Collection entries:
============================================================

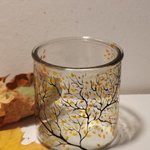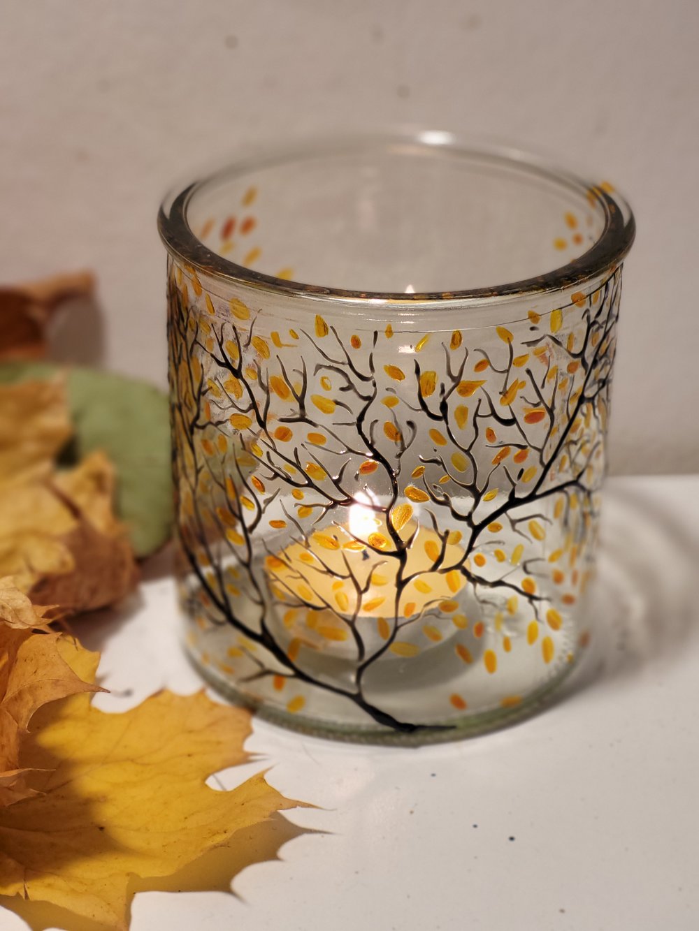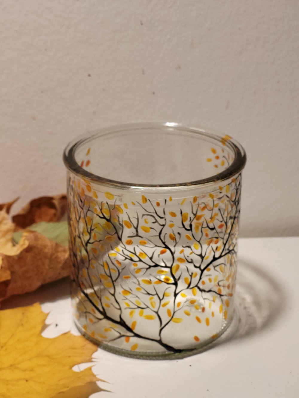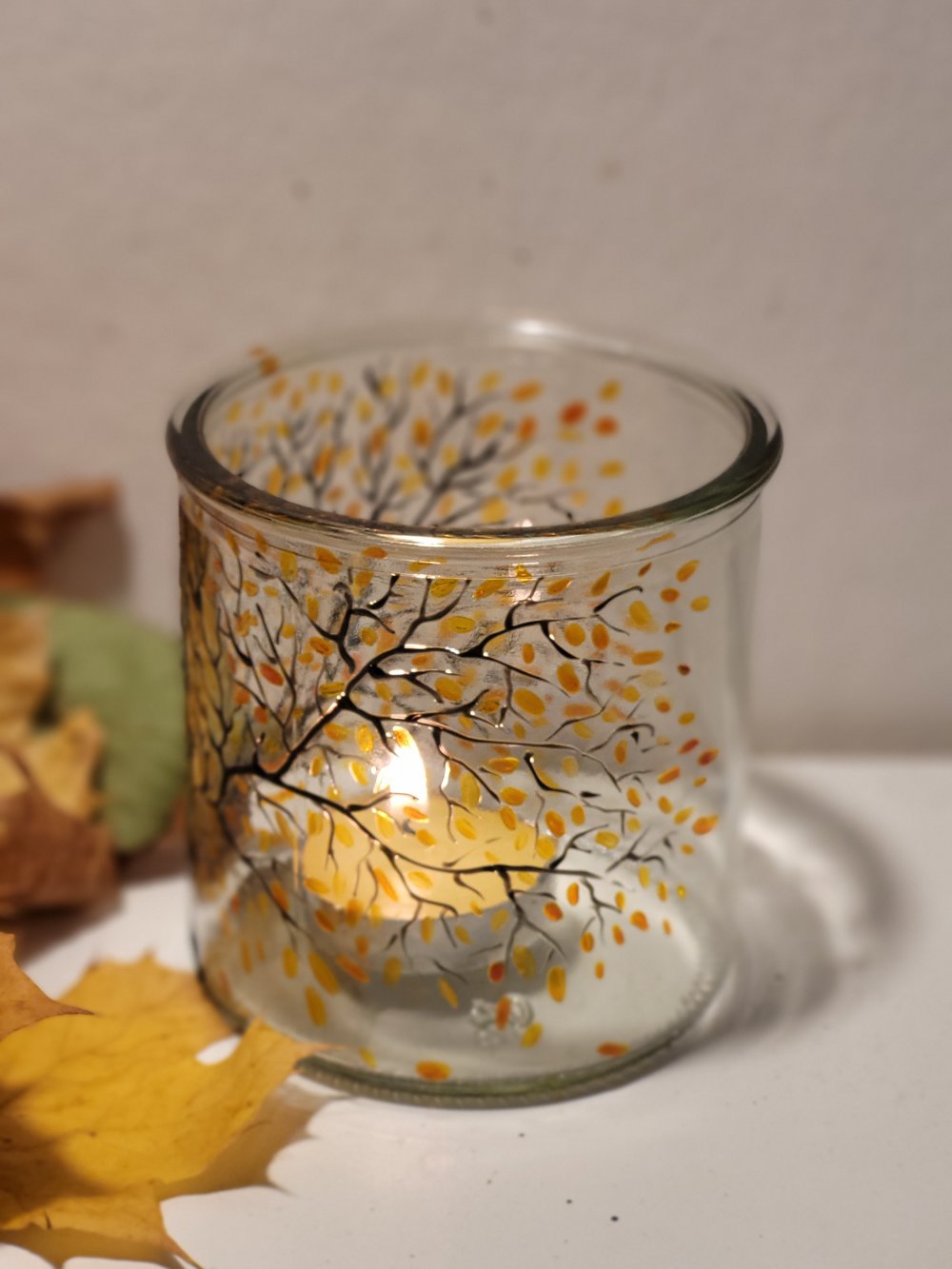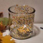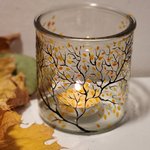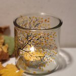 Photophore en verre peint d’un motif style arbre de vie avec un feuillage jaune, orange, doré
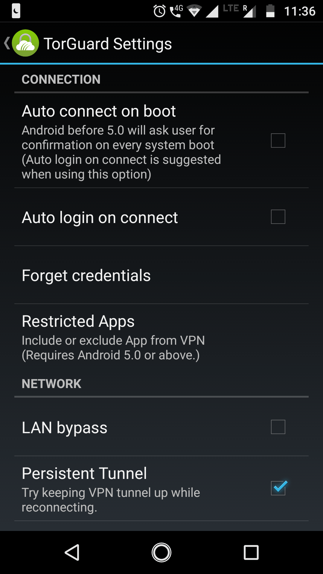 Another thing I noticed during my TorGaurd review is that the TorGuard Android app doesn’t allow you to change any settings if you’re connected to a VPN server. To make any changes, you’ll have to disconnect first.
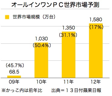 デジタイムズ・リサーチによると、オールインワンPCの世界市場予測は、今年が前年比31%増の1,350万台、来年は今年比17%増の1,580万台。
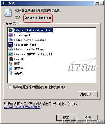 具体表现是在打开IE时弹出选择文件打开方式的对话框,在选择使用“Internet Explorer打开后,又弹出资源管理器窗口并定位到自己的个人文件夹。
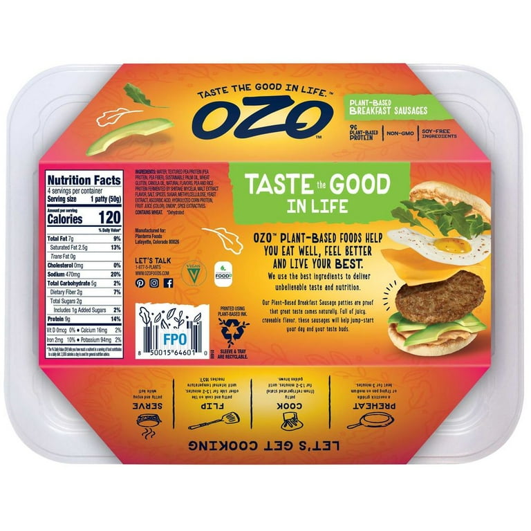 Ozo Plant Based Original Breakfast Sausage 32 Per Case Walmart Com
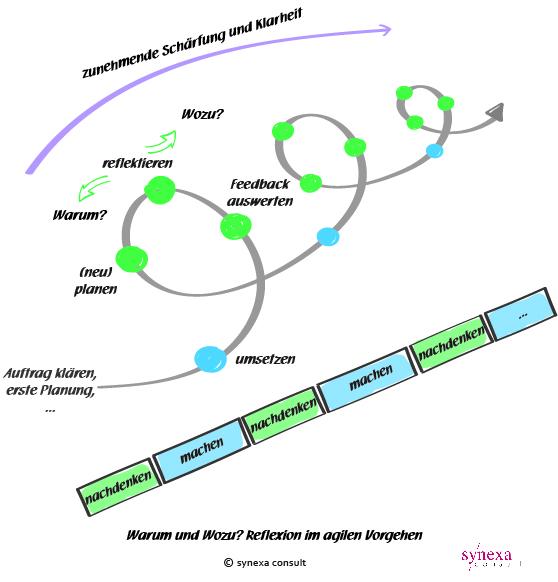 Agile Teams sind tatkräftig. Und oft auch sehr schnell – Ideen produzieren, Wege entwickeln, umsetzen, erproben, verändern, weitermachen. Manchmal vielleicht zu schnell. Das Problem: „Wer rudert, sieht den Grund nicht.“ (Wilhelm Busch) Und verliert manchmal den Überblick, ob man noch den eigentlich angepeilten Kurs hält. Eine kluge Abfolge aus „Machen“ und „Innehalten/Reflektieren“ gehört deshalb eigentlich zum festen Programm agilen Arbeitens. Aktive, kreativ sprühende Teams müssen sich jedoch manchmal regelrecht zum Innehalten zwingen. Systematische Fragen haben sich deshalb als probates Mittel erwiesen, in die ,reflexive Schleife‘ einzutauchen und das Nachdenken zu leiten.
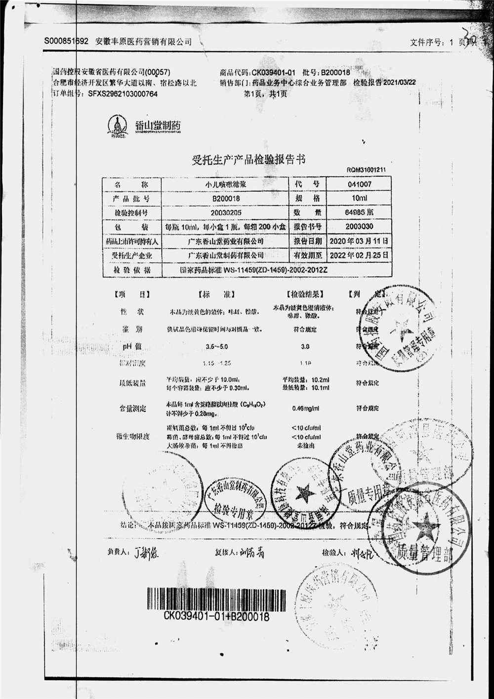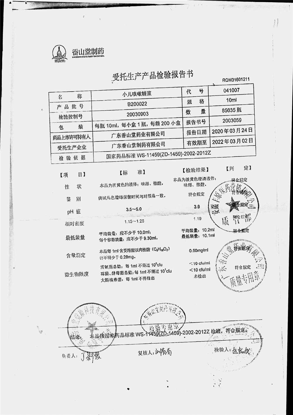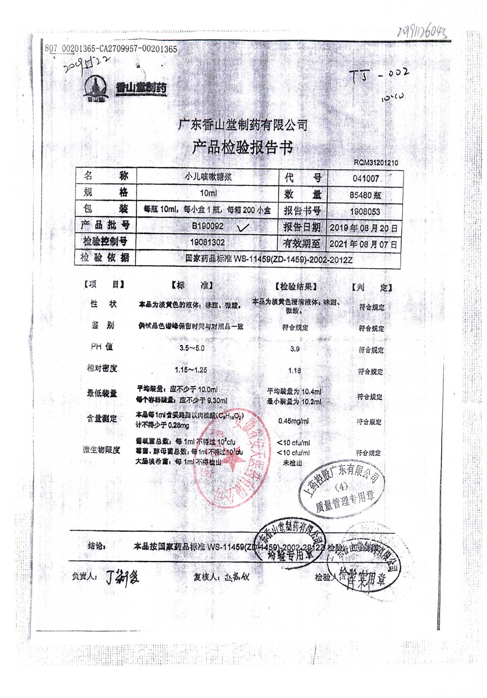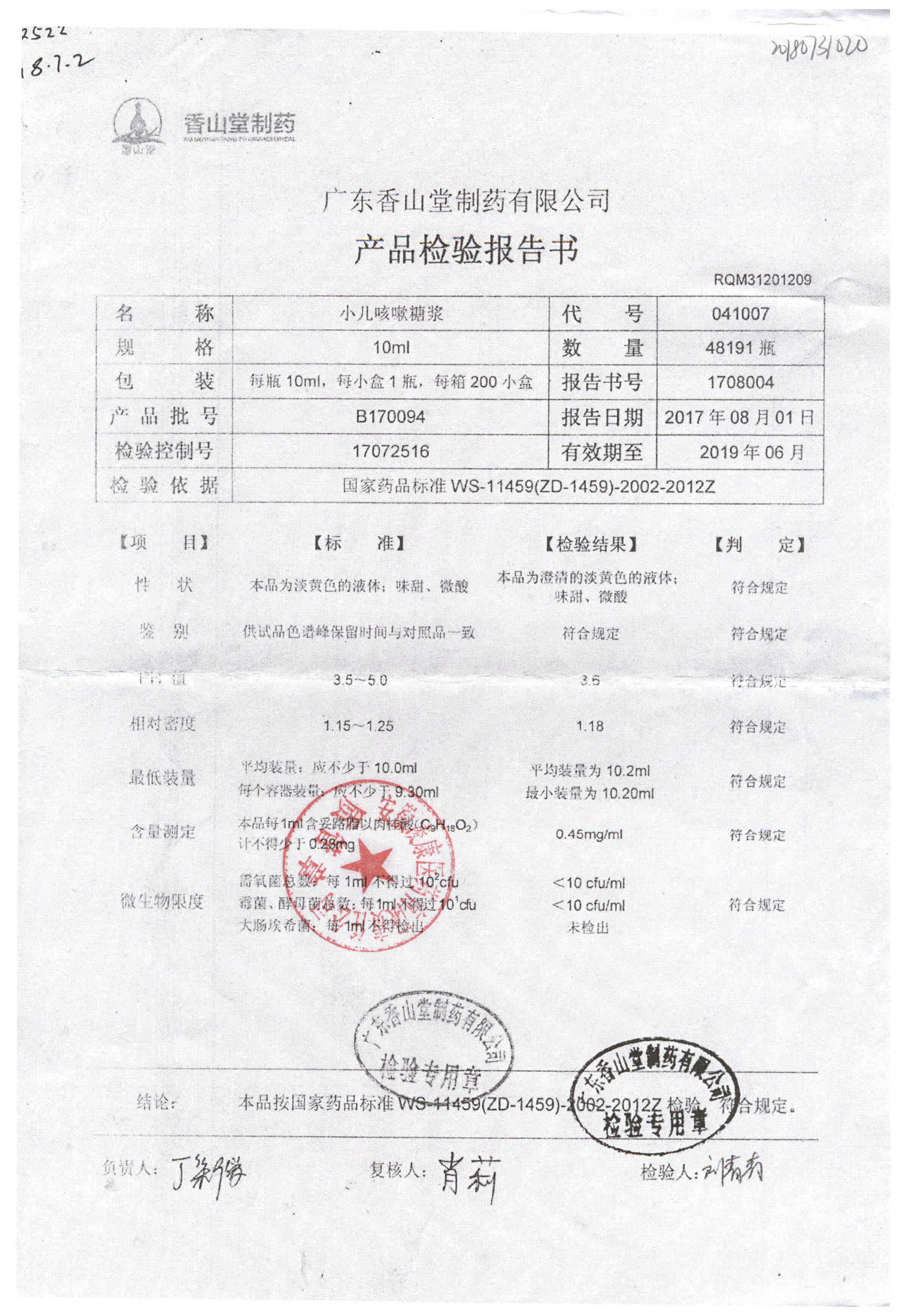 | 小兒咳嗽糖漿 | 10ml | B190117 | 查看詳情 |
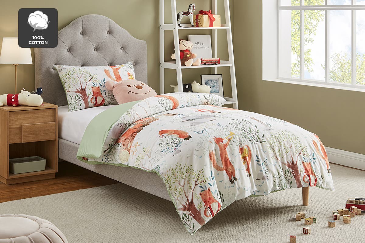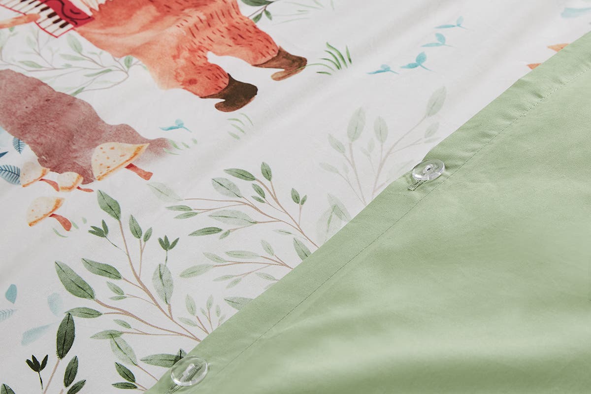 Journey into a dream with friends from the forest by slipping under this kids quilt cover set that features a cheerful animal and forest print that will let your child have loads of fun as they rest under the trees.
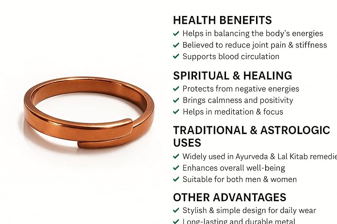 • jewelquick Designed by pure anti-allergy, skin safe, copper Ring; Adjustable to fit any Finger Size
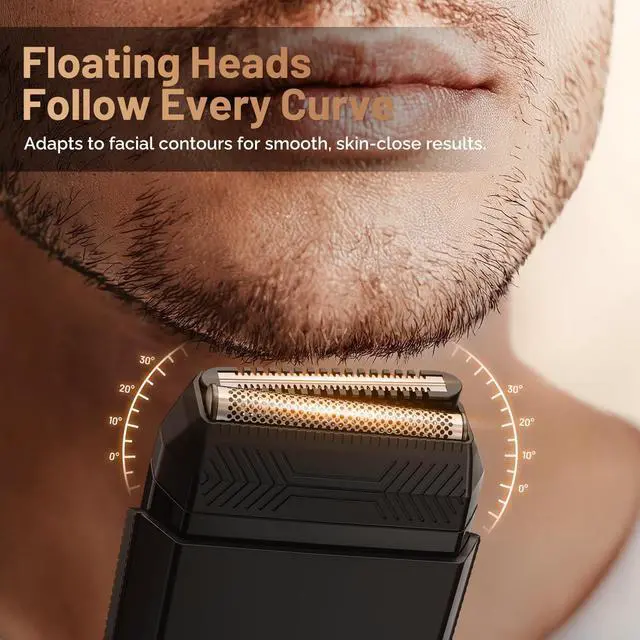Portable Electric Razor for Men, Foil Shaver & Beard Trimmer with Dual-Action System, Floating Head, IPX7 Waterproof, Type C Fast Charge, Digital Display, and Magnetic Cap for Home & Travel
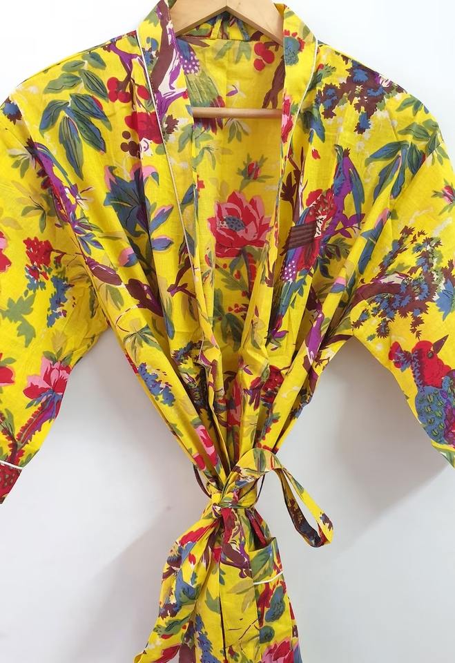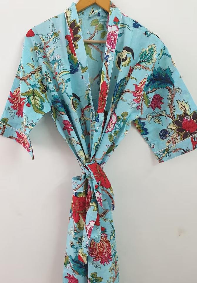 Handmade Maxi Floral Print Cotton Kimono Dress Women's Indian Style Bath Robe Maternity Friendly Summer Beachwear Autumn Spring
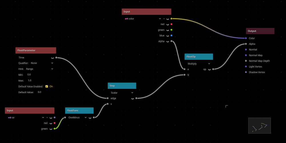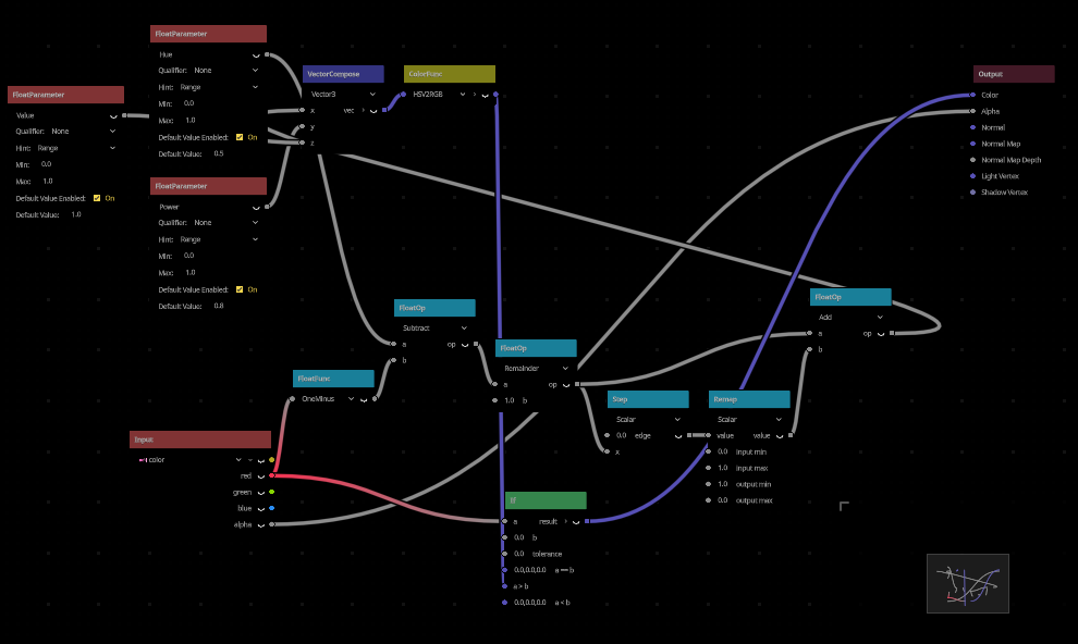And a few shaders on top. In order, a shader that coloured elements roughly based on the input colour (within an intentional interval), a shader that turned the object transparent bottom-to-top based on the control value (used for the exclamation points), and a quick shader to display the hue spectrum (used as background for the hue selection slider).
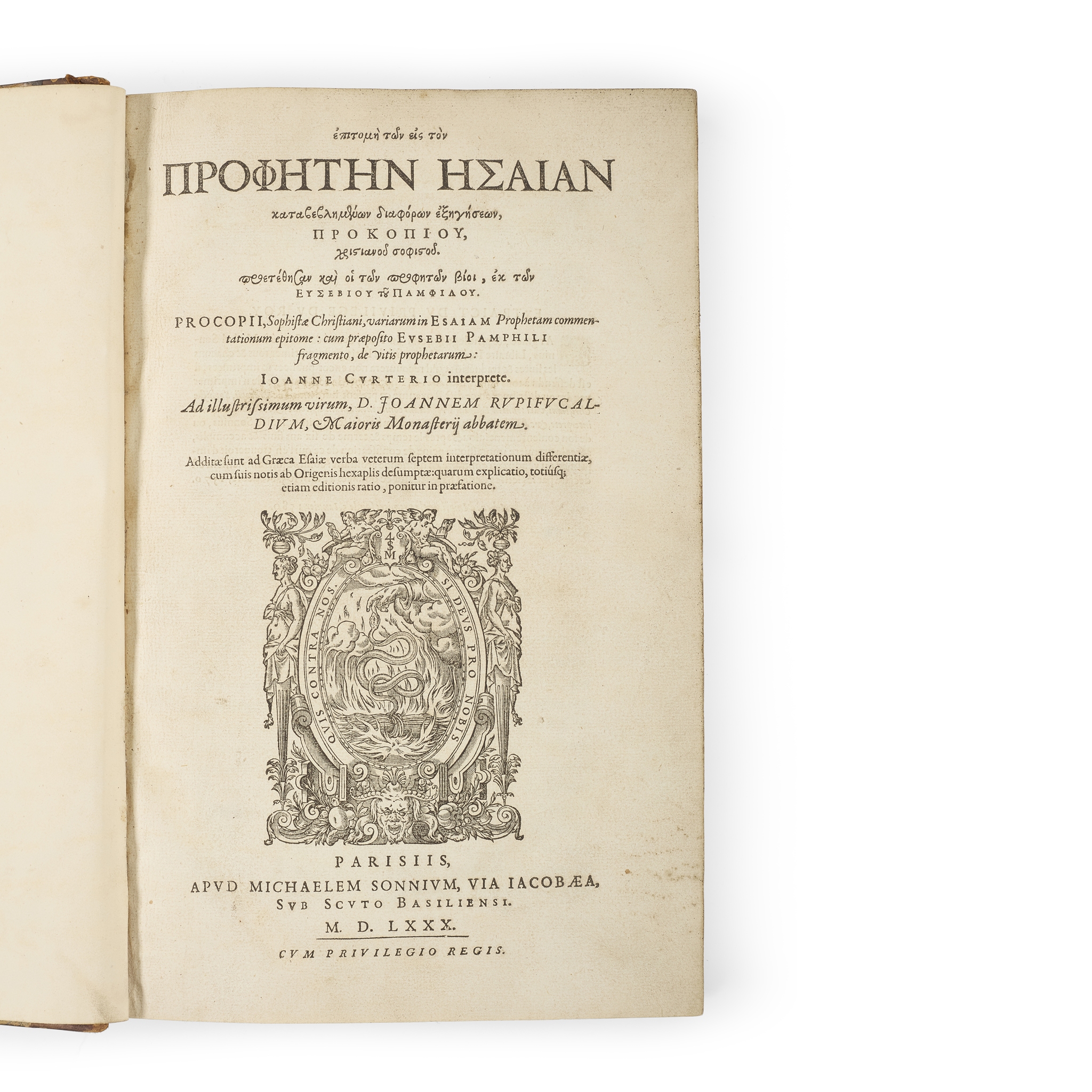 [graece] … Variarum in Esaiam Prophetam commentationum epitome: cum praeposito Eusebii Pamphili fragmento, de vitis prophetarum Joanne Curterio interprete. Paris: Apud Michaelem Sonnium, 1580. Folio (32.7 x 20cm), 19th-century half calf, marbled boards, [40], 764, [38] pp. (wanting final, blank leaf), large woodcut device to title-page, Greek and Latin text in parallel column, joints cracking, corner tips worn [Adams P2155]

============================================================

WHAT YOU ARE ASKED TO DO: For this exercise, reproduce the data above exactly from the line containing "any Finger Size" through its final line, both ends included, with no pictures in the copy.

YOUR RESPONSE:
 • jewelquick Designed by pure anti-allergy, skin safe, copper Ring; Adjustable to fit any Finger Size
Portable Electric Razor for Men, Foil Shaver & Beard Trimmer with Dual-Action System, Floating Head, IPX7 Waterproof, Type C Fast Charge, Digital Display, and Magnetic Cap for Home & Travel
 Handmade Maxi Floral Print Cotton Kimono Dress Women's Indian Style Bath Robe Maternity Friendly Summer Beachwear Autumn Spring
And a few shaders on top. In order, a shader that coloured elements roughly based on the input colour (within an intentional interval), a shader that turned the object transparent bottom-to-top based on the control value (used for the exclamation points), and a quick shader to display the hue spectrum (used as background for the hue selection slider).
 [graece] … Variarum in Esaiam Prophetam commentationum epitome: cum praeposito Eusebii Pamphili fragmento, de vitis prophetarum Joanne Curterio interprete. Paris: Apud Michaelem Sonnium, 1580. Folio (32.7 x 20cm), 19th-century half calf, marbled boards, [40], 764, [38] pp. (wanting final, blank leaf), large woodcut device to title-page, Greek and Latin text in parallel column, joints cracking, corner tips worn [Adams P2155]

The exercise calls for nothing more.